Akladok
Шрифт:
– А-а-а…, – махнул рукой Сергей и огляделся. – Что это вы вдруг столько всего? – ветхие витрины были завалены красивыми импортными упаковками и бутылками. – У тебя ж тут это и за год не раскупят. Испортится же.
– Много ты знаешь! Там, у водохранилища Домик рыбака какой-то банк арендовал. Все французское шампанское уже скупили. Понял?
– Может и я чего куплю…
– Только быстрее, – поторопила Анжелина, и, посмотрев на свои часы, воскликнула, – Ого! Девятый уже. Ничего себе, цветочки!
Сергей изучал ценники. Детский Анжелинкин подчерк, аккуратные цифры с круглыми нулями. Она была отличницей, это – точно. Аккуратной, исполнительной, с хорошей кожей и пухлыми щеками.

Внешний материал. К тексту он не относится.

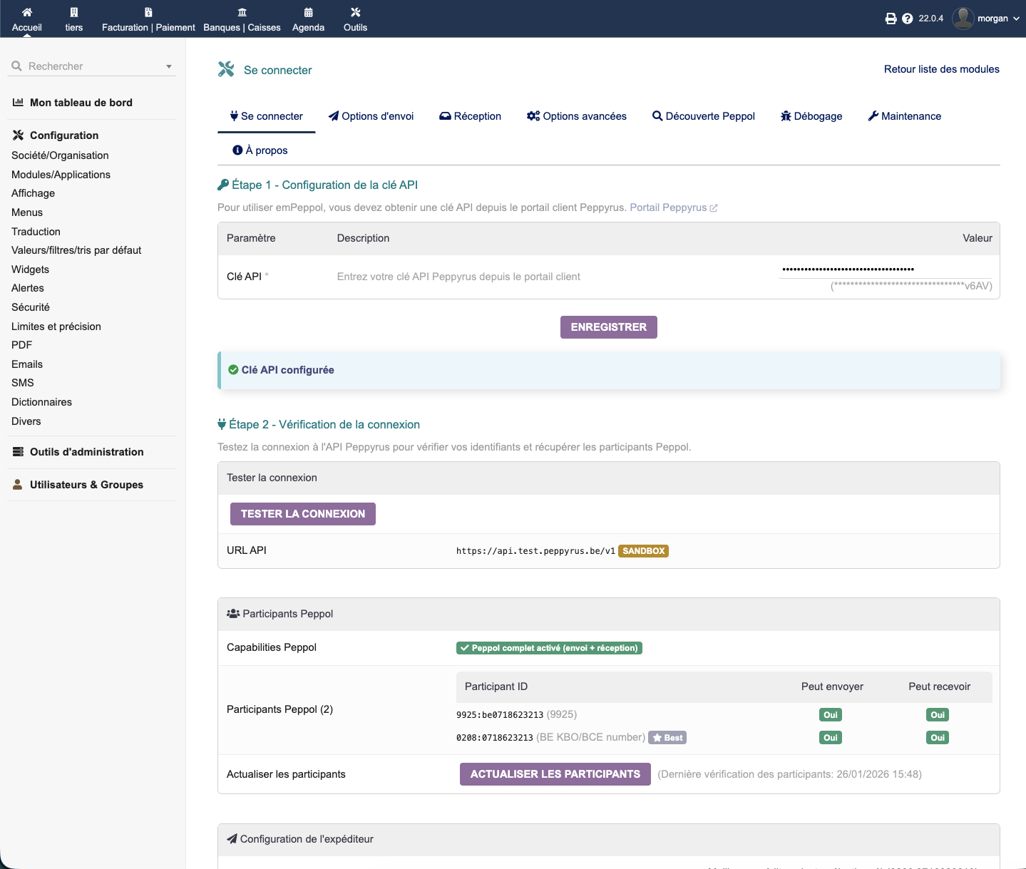 Keine Versandkosten — unbegrenzte Peppol-Rechnungen! EM Peppol nutzt Peppyrus (von Unifiedpost) als Access Point. Erstellen Sie einfach einen kostenlosen API-Schlüssel auf peppyrus.be und versenden und empfangen Sie Rechnungen im Peppol-Netzwerk ohne zusätzliche Kosten und ohne Volumenbegrenzung. Peppyrus bietet derzeit kostenlosen Zugang zum Peppol-Netzwerk und hat angekündigt, dass dies so bleiben soll. Sie zahlen nur für dieses Modul — das Peppol-Netzwerk selbst ist kostenlos.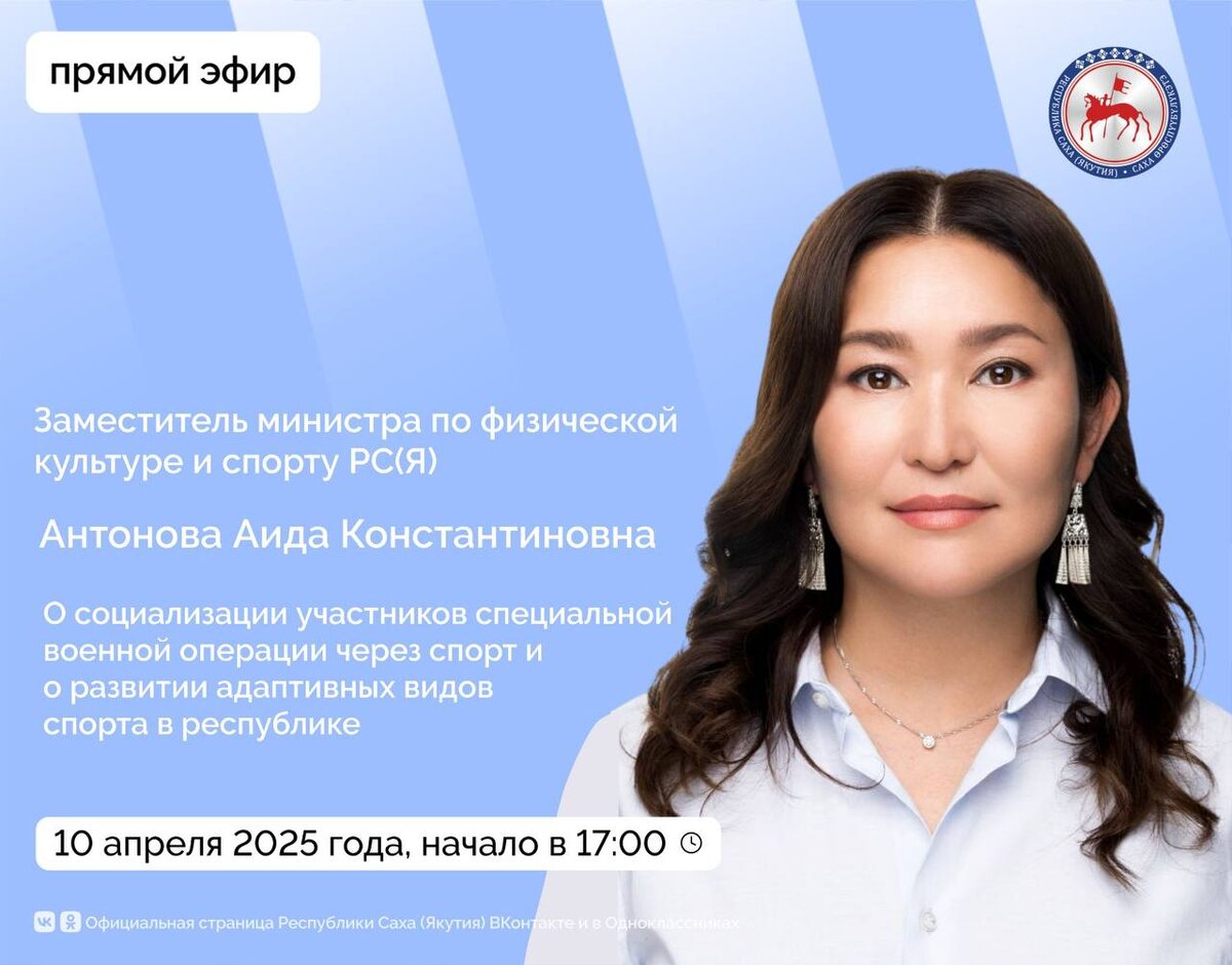 📹 Заместитель министра спорта Якутии Аида Антонова проведет прямой эфир в соцсетях

И каждое утро ездила на школьном автобусе
Кто из этих банкиров может предположить, что та отличница жива до сих пор? Что девушка за цветастым прилавком, в которой вас, господа богатые отдыхающие из далекой турбазы, интересуют только цифры, которая она произнесет, и, нежное тело, которое не может не привлечь внимание любого ценителя женщин – эта девушка не убила в себе, ту, с пухлыми щеками из школьного автобуса. И до сих пор аккуратно собирает, классифицирует и расставляет по своим книжным полкам детские сказки. С въедливостью ученого. Словно хочет вычитать в них что-то вроде выхода из всего этого. А он, Сергей, никак не может найти для нее новую историю.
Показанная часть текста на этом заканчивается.